China's traditional manufacturing industries have been cornered into a desperate situation--it's either change or die.

The Ministry of Finance said in a statement on May 25 that China would slash import taxes on some consumer goods, including skincare products, Western-style suits, ankle-high boots and diapers, by more than 50 percent on average starting on June 1.

The decision follows a statement by an executive meeting of the State Council on April 28 that it would look into reducing import tariffs on some consumer goods on a trial basis.

This round of tariff reduction is mainly for imports from traditional manufacturing industries. Taxes on Western-style suits and fur garments will be reduced to 7-10 percent from the current 14-23 percent. Import tariffs on ankle-high boots and sports shoes will be halved to 12 percent from the current 22-24 percent, while import taxes on diapers and skincare products will drop to 2 percent from 7.5 percent and 5 percent, respectively.

The tariff cut is evidence of the Chinese Government's determination to adjust its economic structure toward one that is more consumption-based. However, it's bound to deal a heavy blow to domestic traditional manufacturing products reliant on low-price strategies.

Although the number of products affected by the tariff cut only accounts for a small proportion of all imported goods, it's been a clear signal that days ahead for the country's low-end manufacturing industries will only get tougher.

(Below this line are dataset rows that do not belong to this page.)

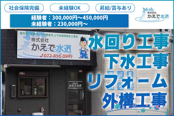 仕事内容 | 【未経験歓迎】水道・リフォーム工事スタッフ募集! \生活に身近な“水”のコンシェルジュカンパニーで働きませんか?/ 当社は枚方市を中心に、水道工事・リフォーム・下水工事・外構工事など、生活に欠かせない「水回り」や住環境整備を手掛ける専門企業です。 地域密着で水道工事に携わり、20年以上の実績を持ち、おかげさまで安定した仕事量があります。 今回は、経験者はもちろん未経験の方も大歓迎! 転職をお考えの方や、一人親方として活動されている方のご応募も大歓迎です。 将来的に「独立して自分の会社を持ちたい」という意欲のある方には、ピッタリの環境。 技術を身につけ、成長していける現場がたくさんあります。 まずはお気軽にお問い合わせください! |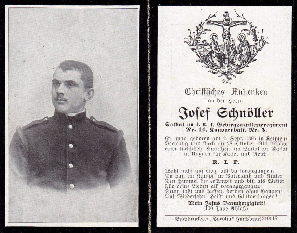 | Soldat | SCHNÖLLER | Josef | 02.09.1885 Kelmen Nr. 8 |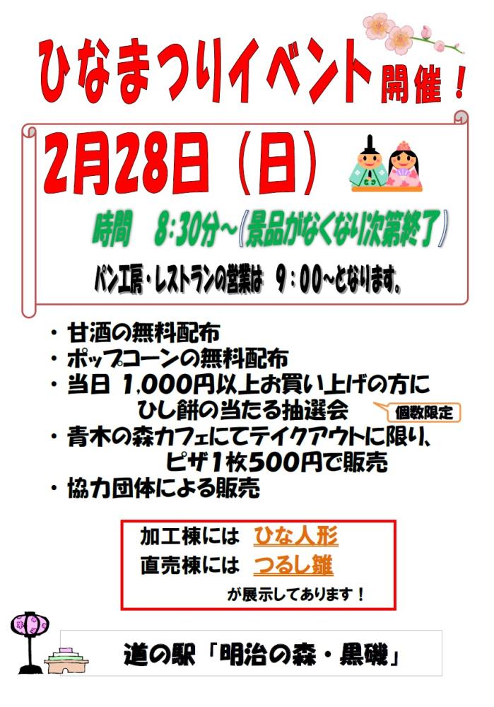 道の駅「明治の森・黒磯」では2月28日に「ひなまつりイベント」を開催します!!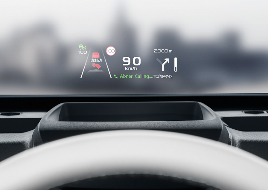 再来看智能驾驶科技,在同级车型的360°全景影像之外,几何A Pro还引入了底盘透视功能,在开车的时候,这套系统可以依托超宽视角无缝拼接鸟瞰图像,进而帮助我们直观且安全地停泊车辆。而在开车过程中,HUD投影式数字平显系统就显得非常实用了,这套系统可以用投影的形式,将速度信息、蓝牙电话、转向灯等重要信息,投射到前风挡玻璃上,所以即便不低头看仪表盘,我们也可以对车辆的各种信息了如指掌,大大提升了驾驶的安全性。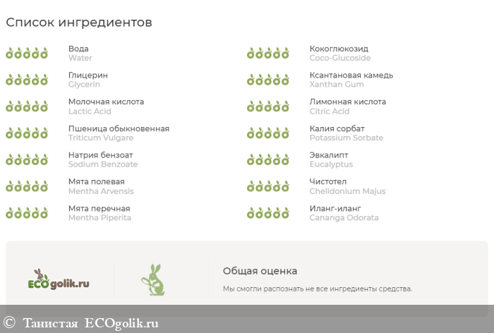 Состав – идеален! При проверке на сайте каждый компонент получил по пять «яблочек». Правда, почему-то не распознался экстракт элеутерококка, но, думаю, здесь проблем нет.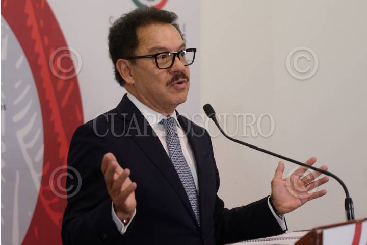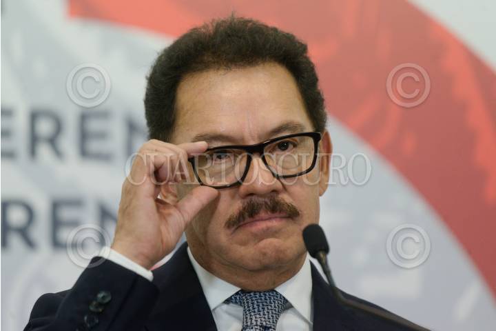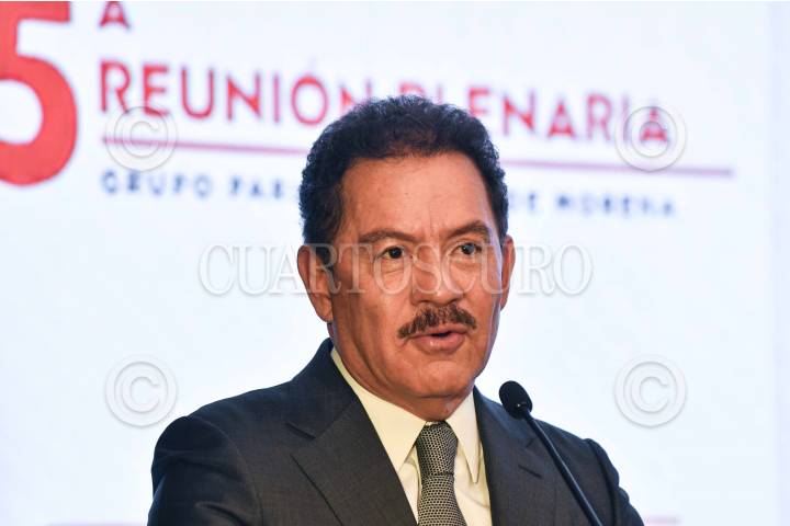 Rogelio Ramírez de la O, secretario de Hacienda y Crédito Público, durante su participación en la Quinta Reunión Plenaria del grupo parlamentario de Morena correspondiente al último año se ejercicio constitucional de la LXV Legislatura de la Cámara de Diputados. Estuvieron presente Ignacio Mier, diputado y coordinador de Morena; Leonel Godoy, y Aleida Alavez.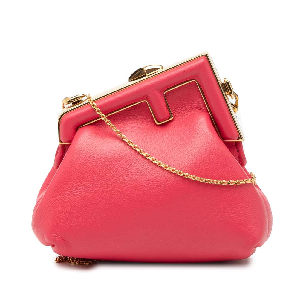 Fendi Nano Shiny Nappa First Bag Charm Crossbody Pink Mini L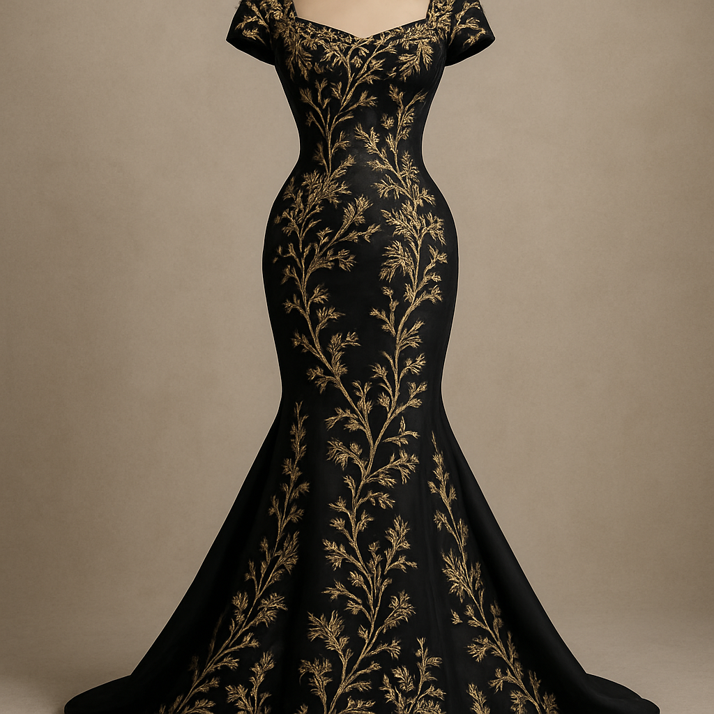 Haute Couture fashion design: Black silk fish-cut gown, adorned with delicate gold embroidery forming nature-inspired patterns. The embroidery highlights the sculpted silhouette, offering a striking, opulent contrast.

China's excessive capacity in low-end manufacturing industries is being gradually transferred to Southeast Asian and South Asian countries, and any policy change would determine the viability of those businesses. For instance, the average price for plastic shoes exported from China dropped 5.5 percent year on year to $2.3 a pair in April 2010, the lowest level since 2009. The best-selling low-end plastic shoes was priced at only $1.7 a pair on average during the first four months of 2010. Those low-end manufacturing businesses used to count on tax rebates in the face of price declines. Now, the tax rebate policy has been changed and import tariffs for foreign products have been lowered. Those businesses need to find a new way to survive.

As painful as the process may be, it's an opportunity to be reborn. Any traditional businesses that fail to catch up will be eliminated from the market, giving way to new businesses that are in possession of new technology and brand.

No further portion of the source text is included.